WHAT YOU ARE ASKED TO DO: The result should be an exact copy of the data, free of pictures.

STORED DATA:
□ □ □ □ □ □ □

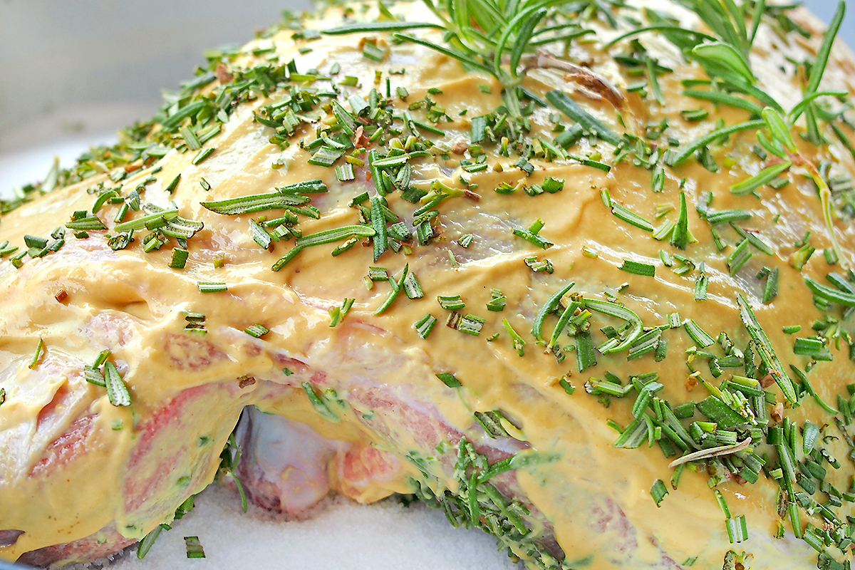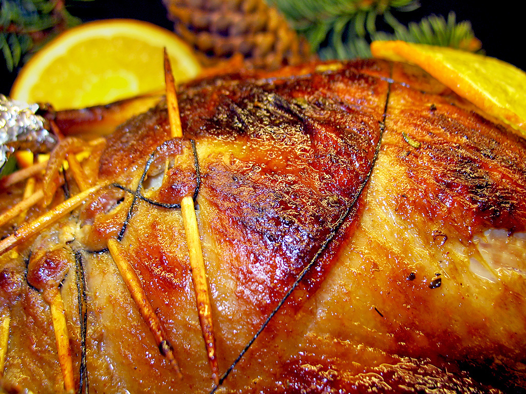 Печен пуешки бут на сол с ароматна коричка от розмарин
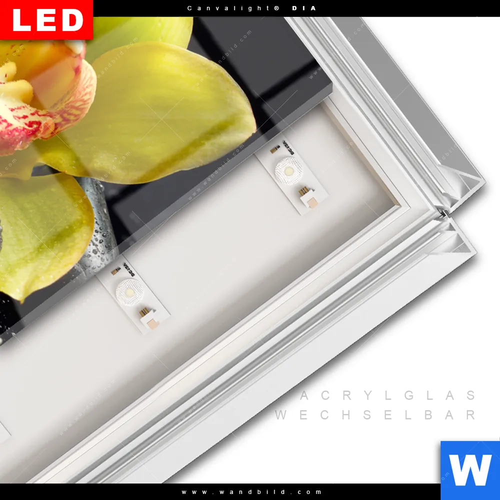 LED-Glasbild mit austauschbarem Acrylglas-Druck (Wechselbild)
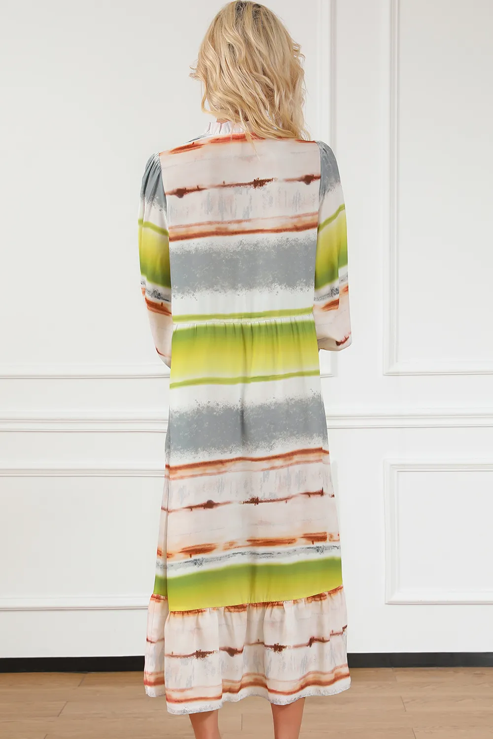 Detailed description of the Striped Half Button Smocked Long Sleeve Ruffle Hem Dress, highlighting quality, design, and unique features that make it appealing to end consumers.

□ □ □ □ □ □ □

RESPONSE:
 Печен пуешки бут на сол с ароматна коричка от розмарин
 LED-Glasbild mit austauschbarem Acrylglas-Druck (Wechselbild)
 Detailed description of the Striped Half Button Smocked Long Sleeve Ruffle Hem Dress, highlighting quality, design, and unique features that make it appealing to end consumers.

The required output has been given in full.